SAP CAP takes a similar approach to these frameworks but, in my opinion, does it better. One standout feature is its surprisingly active and robust community, which has contributed tons of cool add-ons and extensions. Think Websockets, GraphQL integration, Audit Logging, Change Tracking, Telemetry, and more.

Here's a taste of just some of the nice things the SAP CAP community brings to the table: CAP Plugins & Enhancements | capire

Quick Comparision

Where would journalistic objectivity be if we simply let my previous statements stand unchallenged? Right.

To provide a more balanced perspective, I've put together a quick comparison of several back-end frameworks. This should give you a brief idea of where SAP CAP stands in the landscape:

Comparision of various alternatives (SAP CAP, PocketBase, SupaBase, LoopBack) to create back-ends / api-based services. (Photo by the author)

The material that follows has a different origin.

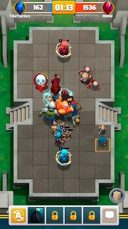 画面任务刻画细腻的《地砖竞技场》,也就是在游戏中玩家所能看到的角色都是非常可爱的,毕竟是要方便玩家的控制,尤其是在大乱战,玩家是要能清晰的看到自己控制角色的血量,虽然是放置类游戏但是需要玩家学习的策略也是非常丰富的,毕竟游戏中玩家的目的就是为了获得胜利。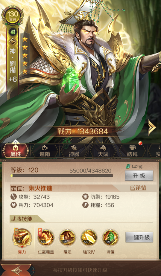 4)神器:主公等級32級解鎖神器玩法。通過消耗武將神器+不同品質的隕鐵,來升級武將的神器等級。其中神器的最大等級不可超過當前武將的等級。升級神器等級可以提高武將的各項屬性,讓您的武將所向披靡!

SAP CAP can be roughly compared to LoopBack (former IBM) both in scope and underlying business need. In general SAP CAP has a more modern, developer-friendly approach but comes with some drawbacks:

1. It's not fully hosted on open platforms like GitHub or GitLab, which makes it harder to compare with other open-source projects.
2. It personally feels more like a hybrid solution than true open source.
3. There aren't a ton of external contributors, which kinda gives off the vibe that it's not drawing as much attention from the external community. 

In my personal opinion, it would be awesome to see SAP open things up more in the future and really get the external community involved!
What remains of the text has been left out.